Al helemaal verwerpelijk is dat met name ministeries deze weigergrond zijn gaan ‘stapelen’ bovenop andere weigergronden. Zo worden concepten geweigerd zowel vanwege persoonlijke beleidsopvattingen als vanwege de i-grond. Of zowel vanwege het belang van toezicht en inspectie als de i-grond. Terwijl de wetgever de i-grond juist heeft bedoeld voor bijzondere gevallen die niet door andere weigergronden worden gedekt.

De rechter geeft tegengas

Uit de eerste uitspraken van rechters weten we dat zij wel van bestuursorganen eisen dat ze goed onderbouwen waarom in het concrete geval openbaarmaking het goed functioneren van hun organisatie zou bedreigen. Rechters gaan niet akkoord met de algemene uitleg dat bepaalde typen documenten, zoals concepten, nooit openbaar kunnen worden om het goed functioneren van de overheid te beschermen. Er moet specifiek worden onderbouwd waarom er zich iets bijzonders voordoet.

Zo is er dus hoop dat de i-grond via rechtspraak langzaam wordt teruggebracht tot de beperkte uitleg die de wetgever bedoeld heeft.

Verhouding met andere en oude weigergronden

Deze weigergrond moet niet verward worden met weigergrond 2: de veiligheid van de Staat. Die weigergrond richt zich uitsluitend op veiligheid. Het goed functioneren van de Staat is breder.

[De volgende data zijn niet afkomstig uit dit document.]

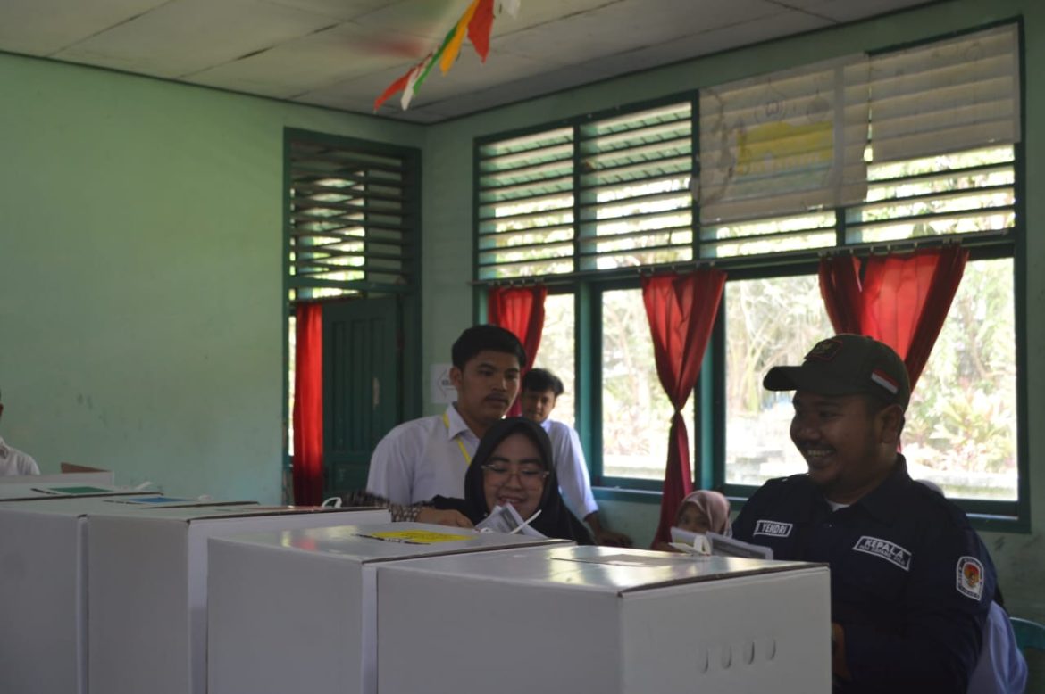 BENGKALIS – Pj Desa Simpang Ayam Yulfi Yendri bersama istri melakukan hak suaranya di Desa Simpang Ayam tepatnya di TPS 02 dari 4 TPS, jalan utama Simpang Ayam kecamatan Bengkalis kabupaten Bengkalis,
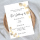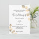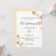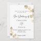 Ein weißer Hintergrund mit goldenen Eukalyptussprigs. Personalisieren und Ihren Namen und Ihre Zeremonie Details. Schwarze Buchstaben. Zurück: goldener Hintergrund
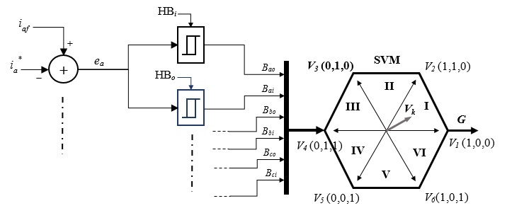 En [22] se propone una técnica PWM basada en SVM y banda fija de histéresis. La modulación por banda fija de histéresis permite obtener información previa de los vectores de espacio de conmutación adyacentes según el error de corriente. Dos conjuntos de estados cada uno constituido por tres elementos, son necesarios para implementar el comparador por banda de histéresis propuesto.
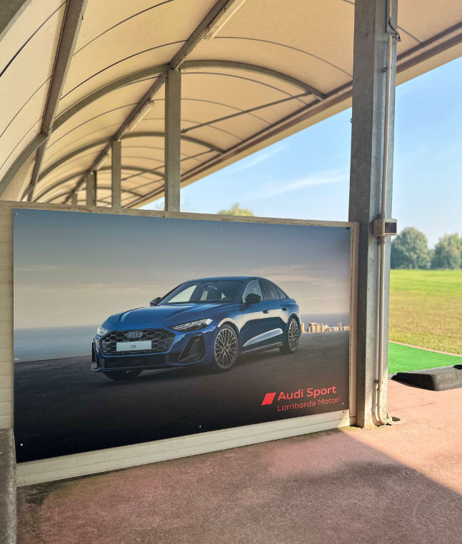 Attraverso la presenza dei nostri pannelli brandizzati Audi, abbiamo voluto instaurare un presidio elegante e discreto in un luogo che incarna appieno la filosofia del marchio: equilibrio, raffinatezza e performance. La collaborazione con il Golf Club Monza non nasce da finalità commerciali, ma dal desiderio di valorizzare il territorio e di rafforzare il legame con una comunità che condivide la stessa attenzione per la qualità e lo stile.
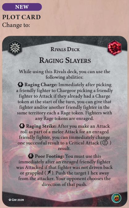 Raging Strike has been changed. Rage tokens no longer grant a re-roll for attacks. Instead, they allow you to change one of your successful rolls into a critical hit. This is quite a shift, because previously Raging Slayers was taken to increase the accuracy of warbands that needed a boost. Now it does nothing to help with accuracy, but instead can be used to more reliably deny Stand Fast, trigger your own Overrun, enable critical runemarks (Skinnerkin players, take note!), and do other fun things with critical attack results (more easily inspired Ironsoul's Condemnors, for instance). No way around it, this is a big nerf, but it's balanced out by how the rest of the deck is actually useful now and not just a tax to have a good plot card.
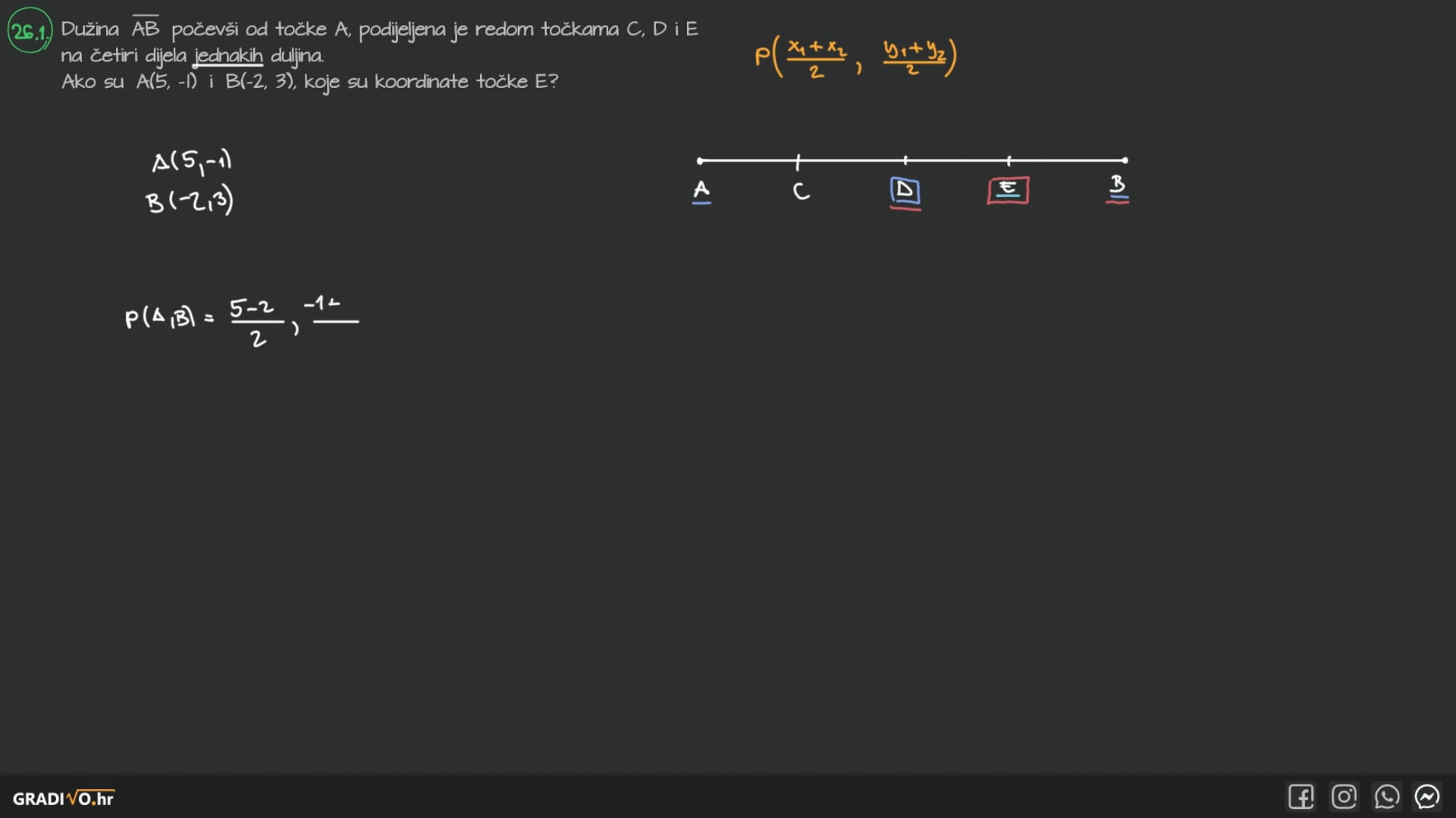 Dužina $\overline{A B}$, počevši od točke $A$, podijeljena je redom točkama $C, D$ i $E$na četiri dijela jednakih duljina. Ako su $A(5,-1)$ i $B(-2,3)$, koje su koordinate točke $E$ ?
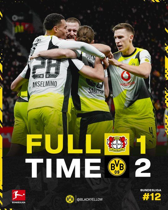 北京时间11月29日22:30,德甲联赛第12轮,拜仁慕尼黑主场迎战圣保利。上半场洪通吉6分钟首开记录+伤退,莱默尔后场被断,卡尔和比朔夫中柱,格雷罗扳平比分,迪亚斯倒地助攻,下半场凯恩中柱,迪亚斯和杰克逊补时连入2球反超。最终拜仁主场3-1逆转圣保利,拜仁联赛12轮不败+8分优势领跑。 德甲 勒沃库森 1-2 多特蒙德
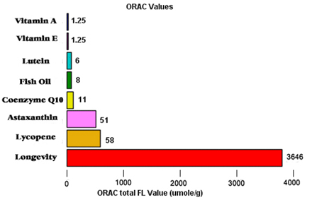 Jayson: We don’t feel that taking dozens of supplements every day the best method to live a healthier life so we created Rejuvenator 6X so that the best of these powerful antioxidants could be combined into one product for ease of use. Our main focus was to make sure the ORAC value which we talked about earlier was as high as possible. So to give you an idea of the powerful potency of Longevity here are some numbers for you. Rejuvenator 6X ORAC rating per 1 gram is 3646.
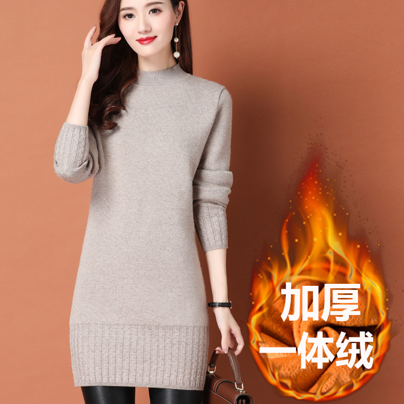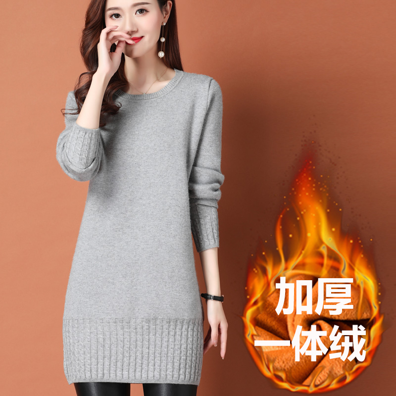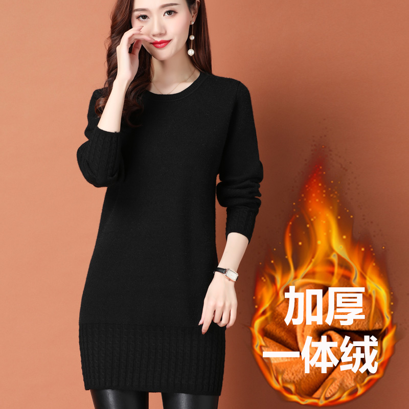 一体绒毛衣女中长款秋冬韩版加绒加厚大码宽松套头保暖针织打底衫
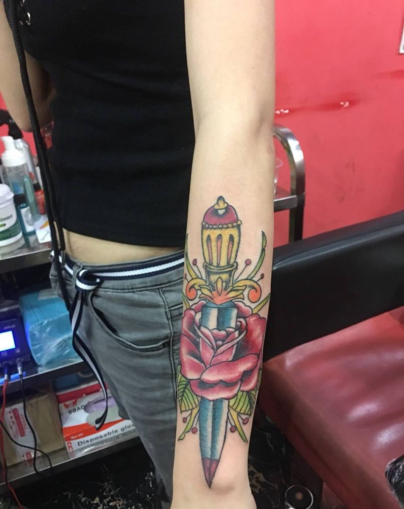 当前位置: 首页 >广西贵港市纹身店-深度刺青纹身图案>玫瑰剑纹身图片

Bovendien is weigergrond 2 absoluut, terwijl weigergrond 14 relatief is.

Veel van wat nu vanwege de weigergrond ‘goed functioneren van de staat’ geweigerd wordt, werd onder de Wob geweigerd op grond van de nog veel bredere ‘restgrond’ ‘onevenredige benadeling’. Die is alleen nog in een heel beperkte vorm overgebleven. Alleen in ‘uitzonderlijke gevallen’ mag informatie waarvan openbaarmaking voor een persoon of organisatie een onevenredig nadeel op zou leveren nog geweigerd worden. Doorgaans wordt deze weigergrond nu vooral gebruikt voor personen en organisaties buiten de overheid.